We are definitely on a fringe exchange point… not many investors choose to decrease their leverage or have the resources like yourself to do so.

If you have a resource that says otherwise, I’d be interested… great topic though… this is a very respectable forum…
Starke

Here is where you and I diverge.

First, there is no debt relief in a delayed exchange. If you and I swap properties (a direct exchange), you assume my mortgage, and, I assume yours then your assumption has relieved me from liability for my mortgage. If the amount of debt I assume on your property is less than the amount of debt you have assumed on my property, then the exchange has given me a reduction in the amount of debt for which I am liable. In this instance, the net debt reduction is my debt relief and is taxable to me as mortgage boot.

In the delayed exchange, I am not getting any portion of debt on the relinquished property forgiven. Instead, the entire mortgage balance is paid off at settlement, thus there is no debt to gain relief from.

Secondly, even though the mortgage has been paid from the proceeds of the sale, there is no decrease in investment levels. Remember that the value of the replacement property must equal or exceed the value of the relinquished property for a valid exchange.

Example. Let’s say I have a $100K property with a $25K mortgage balance that will be the relinquished property in a 1031 exchange. Ignoring closing costs and exchange fees, let’s say I have $75K in my exchange escrow account after I settle on this property. I have identified a $200K replacement property that I can get for $125K provided I make a sizable, non-refundable earnest money deposit of $50K. I do this, taking $50K out of pocket when the contract is ratified. To complete the exchange, my escrow agent empties the exchange escrow account and deposits $75K with the settlement attorney. After settlement, I now own the replacement property free and clear.

Even though paying off the mortgage on the relinquished property reduced the exchange funds to only $75K, the value of the replacement property was still greater than the relinquished property, AND, all the exchange funds were applied to the replacement property acquisition. My exchange is intact – there is no reduction in investment level.

BANG!

that was my head exploding

OK, Mark, I will stop. This horse is already dead.

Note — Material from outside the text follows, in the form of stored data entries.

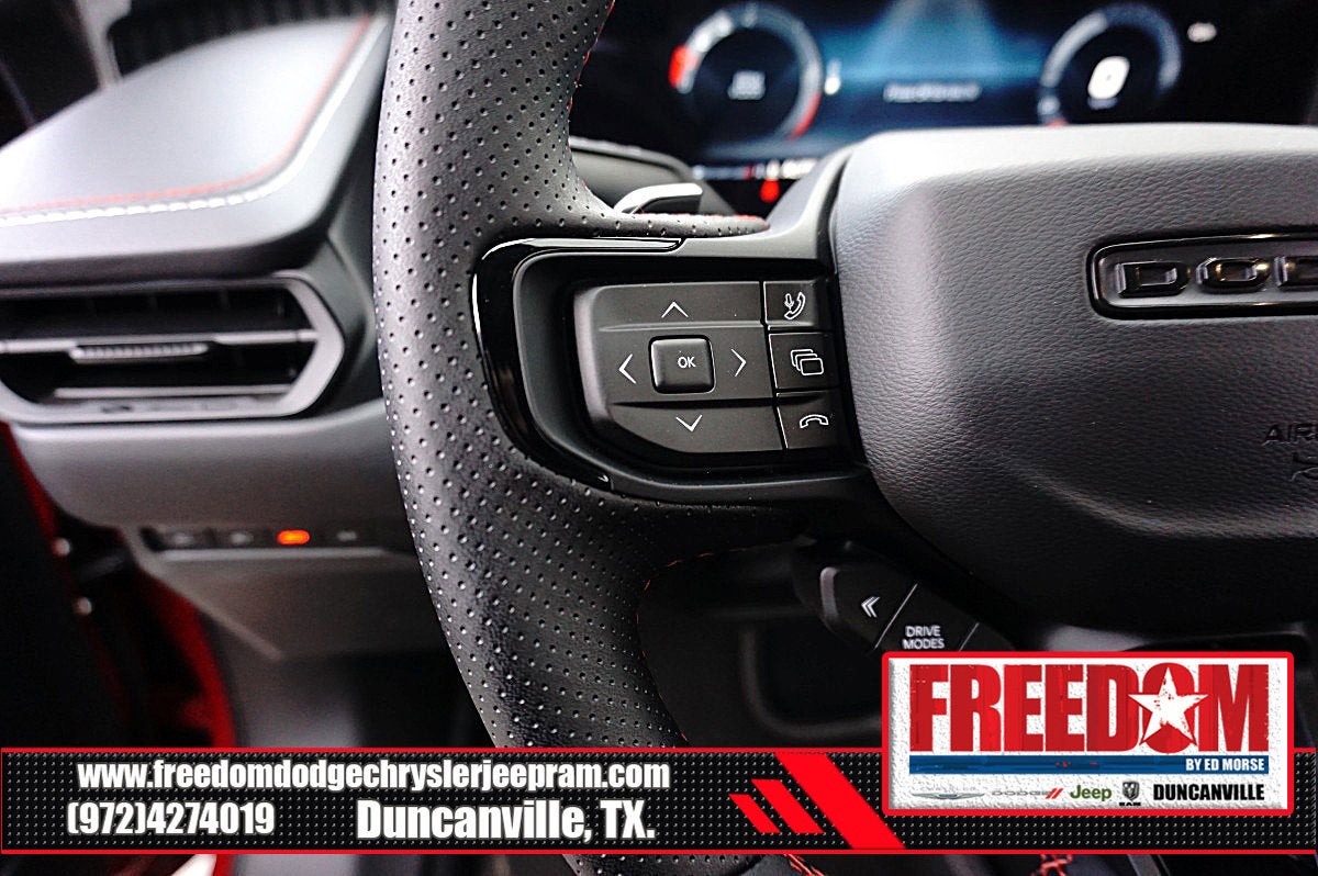 Big cash and no payments for 90 days! Our only Dealership add is GREAT CUSTOMER SERVICE. Real Deals, No Games and No Surprises. Price Includes only Rebates EVERYONE Qualifies for. We Make it Easy No Games. Equipped with Blacktop Package (Dark Exterior Badging, Dual Rear Exhaust with Black Tips, and Wheels: 20 x 10 Dark Finish Aluminum), Quick Order Package 22P Scat Pack, Two Tone Paint Group, AWD, Black Artificial Leather, 10 Speakers, 2-Way Manual Adjust Front Head Restraints, 2-Way Power Driver Lumbar Adjust, 4-Wheel Disc Brakes, 4G LTE Wi-Fi Hot Spot, 8-Way Power Driver Seat Adjust, ABS brakes, Active Noise Control System, Air Conditioning, Alloy wheels, AM/FM radio: SiriusXM w/360L, Apple CarPlay/Android Auto, Auto-dimming Rear-View mirror, Automatic temperature control, Black Seats, Brake assist, Bumpers: body-color, Compass, Connectivity - US/Canada, Delay-off headlights, Disassociated Touchscreen Display, Driver door bin, Driver vanity mirror, Dual front impact airbags, Dual front side impact airbags, Electronic Stability Control, Emergency communication system: Dodge Connect, Four wheel independent suspension, Front anti-roll bar, Front Bucket Seats, Front Center Armrest, Front dual zone A/C, Front License Plate Bracket, Front reading lights, Fully automatic headlights, Garage door transmitter, Heated door mirrors, Heated Exterior Mirrors, Heated Front Seats, Heated front seats, Heated steering wheel, Illuminated entry, Integrated Center Stack Radio, Knee airbag, Leather Shift Knob, Leatherette/Cloth Performance Seats, Low Back Bucket Seats, Low tire pressure warning, Occupant sensing airbag, Outside temperature display, Overhead airbag, Overhead console, Panic alarm, ParkView Rear Back-Up Camera, Passenger door bin, Passenger vanity mirror, Power Adjust Mirrors, Power door mirrors, Power driver seat, Power steering, Power windows, Radio data system, Radio: Uconnect 5 with 12.3 Display, Rear anti-roll bar, Rear reading lights, Rear seat center armrest, Rear window defroster, Remote keyless entry, Security system, Speed control, Split folding rear seat, Spoiler, Sport steering wheel, Steering wheel mounted audio controls, Tachometer, Telescoping steering wheel, Tilt steering wheel, Traction control, Trip computer, Variably intermittent wipers, Wheels: 20 x 10 Aluminum, Wireless Apple CarPlay, and Wireless Google Android Auto Freedom uses very reasonable effort to ensure the accuracy of information, we are not responsible for any errors or omissions contained on these pages. Please verify any information in question with Freedom Chrysler Dodge Jeep Ram * Images, prices, and options shown, including vehicle color, trim, options, pricing and other specifications are subject to availability, incentive offerings, current pricing and credit worthiness. * MSRP is the Manufacturer's Suggested Retail Price (MSRP) of the vehicle. It does not include any taxes, fees or other charges. Pricing and availability may vary based on a variety of factors, including options, dealer, specials, fees, and financing qualifications. Consult your dealer for actual price and complete details. Vehicles shown may have optional equipment at an additional cost. * The estimated selling price that appears after calculating dealer offers is for informational purposes, only. You may not qualify for the offers, incentives, discounts, or financing. Not all rebates are compatible with each other. Offers, incentives, discounts, or financing are subject to expiration and other restrictions. See dealer for qualifications and complete details. * In transit means that vehicles have been built but have not yet arrived at your dealer. Images shown may not necessarily represent identical vehicles in transit to the dealer Price includes: $500 - 2026 National 2026 Military Bonus Cash . Exp. 01/04/2027 $550 - 2026 National Burning Gas Conquest Bonus Cash. Exp
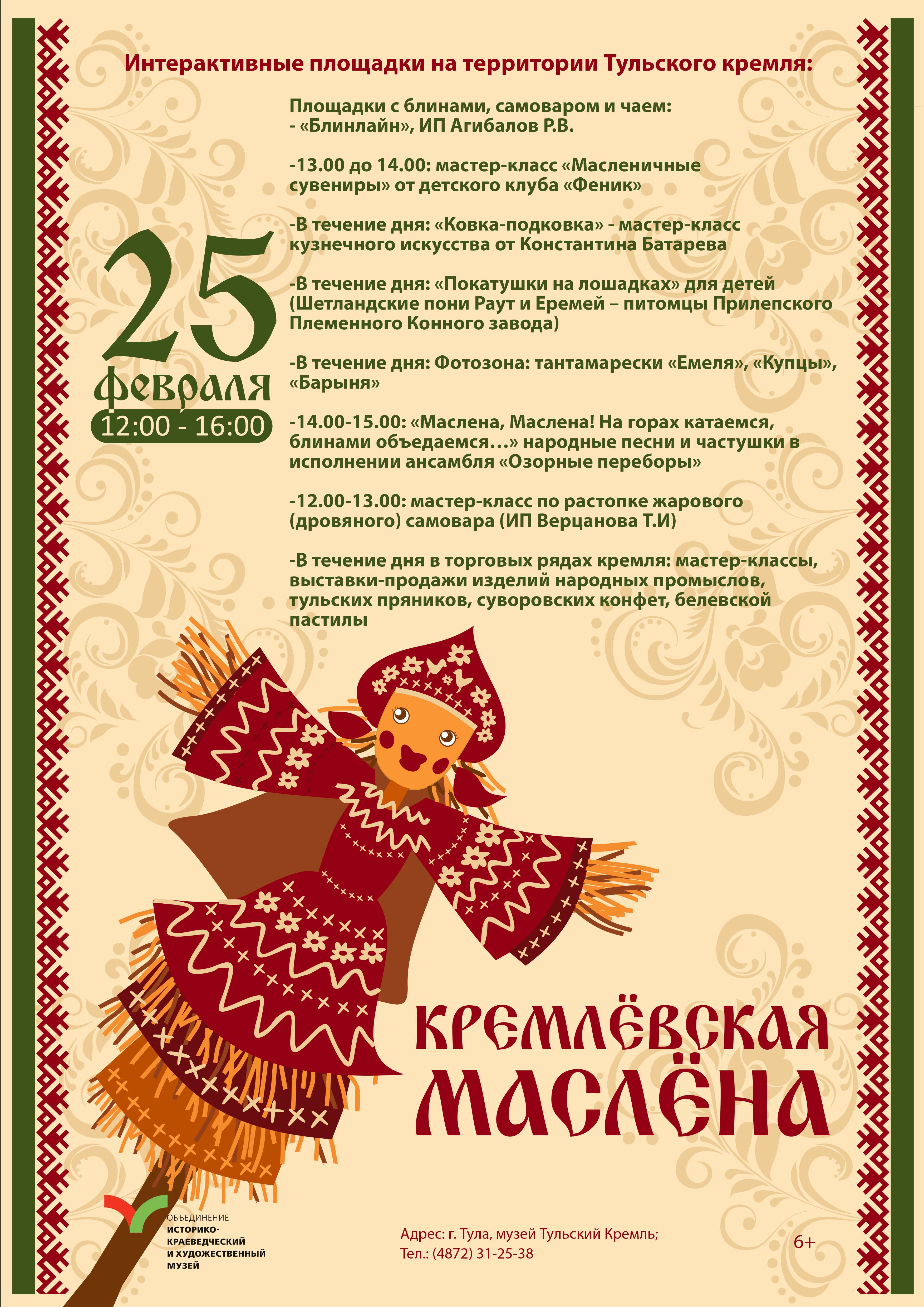 25 февраля с 12:00 до 17:00 в Тульском кремле пройдут праздничные гуляния «Кремлёвская Маслёна»!
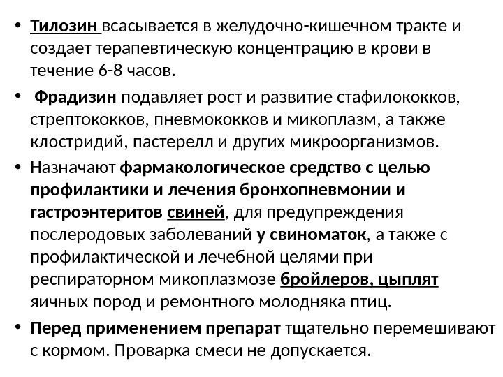 • Тилозин всасывается в желудочно-кишечном тракте и создает терапевтическую концентрацию в крови в течение 6 -8 часов. • Фрадизин подавляет рост и развитие стафилококков, стрептококков, пневмококков и микоплазм, а также клостридий, пастерелл и других микроорганизмов. • Назначают фармакологическое средство с целью профилактики и лечения бронхопневмонии и гастроэнтеритов свиней , для предупреждения послеродовых заболеваний у свиноматок , а также с профилактической и лечебной целями при респираторном микоплазмозе бройлеров, цыплят яичных пород и ремонтного молодняка птиц. • Перед применением препарат тщательно перемешивают с кормом. Проварка смеси не допускается.
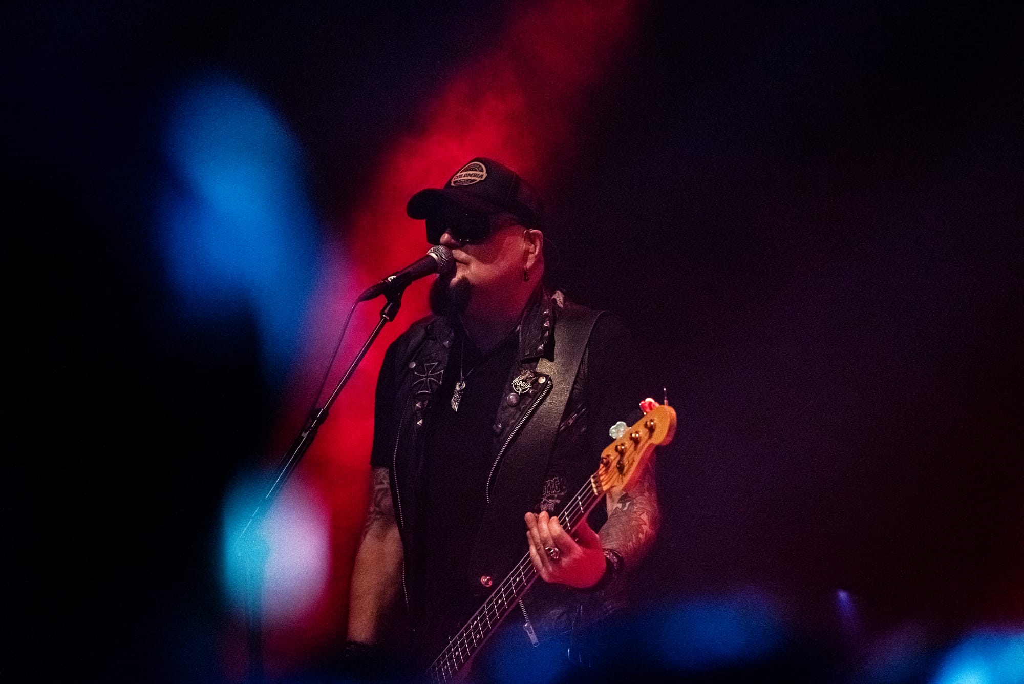 Their sound was strong and instantly transported me straight back to the ’80s—not that I ever experienced the ’80s. The set featured plenty of instrumental sections, giving every musician their moment to shine. Definitely worth mentioning were the many different two-string basses Stig used throughout the show. They were unlike anything I’ve ever seen and never failed to make me smile, especially when he was handed an even more absurd-looking one than before. Among them were a reversed bass, a rocket bass, an iron cross bass, a car bass, and even an “olive on a pick” bass.
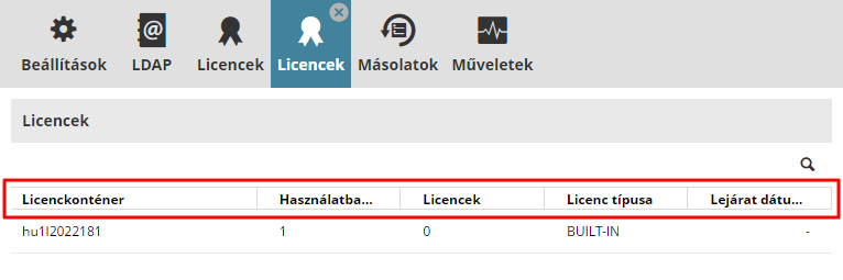 Felhasználói licenc hozzárendelése és visszavonása a Felhasználó beállításainál (Felhasználók oldal) is lehetséges.
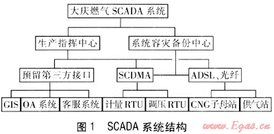 各調壓箱、計量箱、商業用戶計量間、CNG站地理位置分散,若對各站(箱)的監控采取人工記錄、逐級匯報的方法,則存在著上報數據不及時,對設備故障發現不及時等安全隱患。SCADA系統實現了對現場生產數據的實時采集與監控和對生產過程的調度指揮,保證了安全平穩供氣。
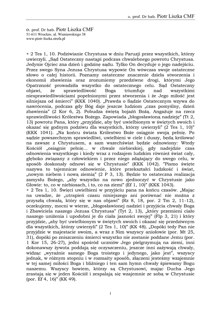2 Tes - prof. Dr hab. Piotr Liszka CMF
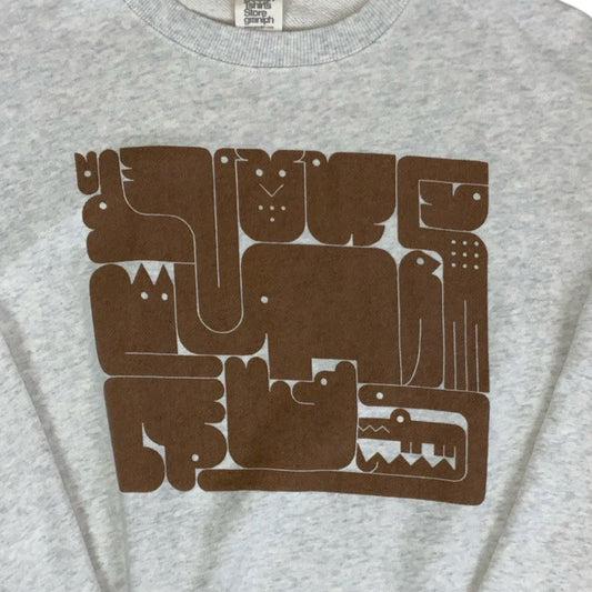 Vintage 90s 'Design T-Shirts Store Graniph' Wooden Animal Puzzle Brown Grey Graphic Sweatshirt
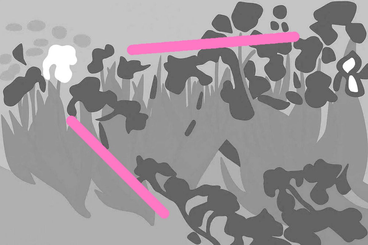 Le point focal est renforcé par la concentration des teintes vives, qui émergent au milieu de verts et de bleus plus doux. Les formes des fleurs, tantôt arrondies, tantôt anguleuses, offrent un rythme visuel varié et évitent toute monotonie. Cette combinaison entre masses colorées, lignes souples et contrastes de valeurs maintient l’œil en mouvement à travers la composition.
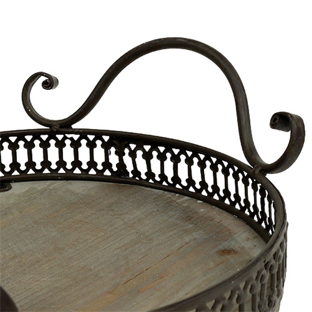 Podnos s uchy v hnědé barvě se skládá z kulaté dřevěné desky, na kterou je přišroubováno jakési zábradlí s uchy. Deska má pak průměr kolem 20 centimetrů a s prohnutými kovovými úchyty výšku kolem 8,5 centimetru.
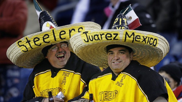 At the time, Dallas Cowboys (Las Vaqueritas de Dallas) and the Pittsburgh Steelers (Los Acereros de Pittsburgh) dominated coverage. With their relative proximity to the border, the Cowboys naturally picked up a strong following. But the Steelers’ blue-collar identity resonated with fans in Mexico City and Monterrey, Mexico’s big industrial town. On Sundays in Mexico City today, you can find bars full of Steelers fans waving “toallas terribles”.
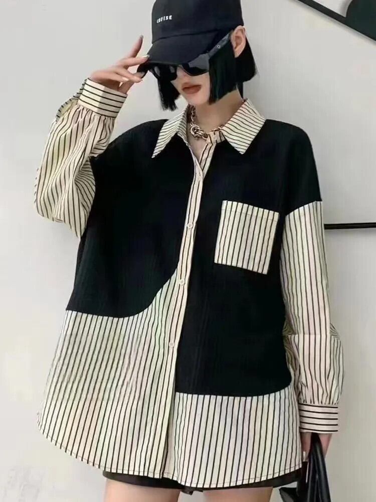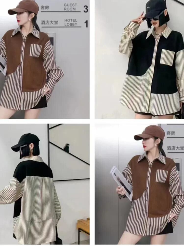 [EWQ] フェイクツーピースストライプコントラストシャツ長袖シングルブレストルーズトップ秋冬 16U4751 ロング オータム 秋物 ウィンター 冬物
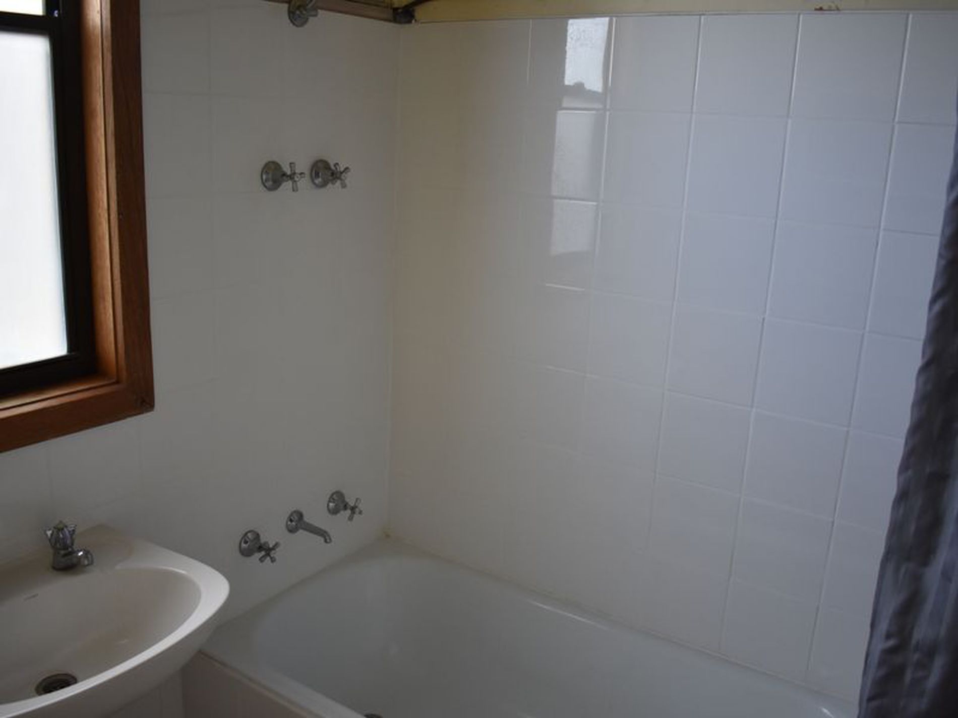 The Bathroom has toilet, pedestal vanity and shower over the bath. The electric H/W service is in the bathroom.

lol… I just think that it’s scarry that we made Data’s head pop…

and I was just getting some coffee in…

This is not to beat a dead horse… ::slight_smile:

Dave is correct.

What good is it having a resource center if you can’t go to people for advice? Shot out a few emails and…

They agreed that if you replace debt with cash (investment for investment), therefore, there is not debt reduction boot.

Apologize, this was past my peter point… wanted to set it right.

mcwagner… hope that this doesn’t make your head explode again… :slight_smile:

Pbbbbttttthtt (think the noise a balloon makes when you let it go)

exploded and deflated.

Dave is right on the money. You can replace debt with cash. One of the examples contained in Section 1.1031 of the Department of the Treasury Regulations actually covers this.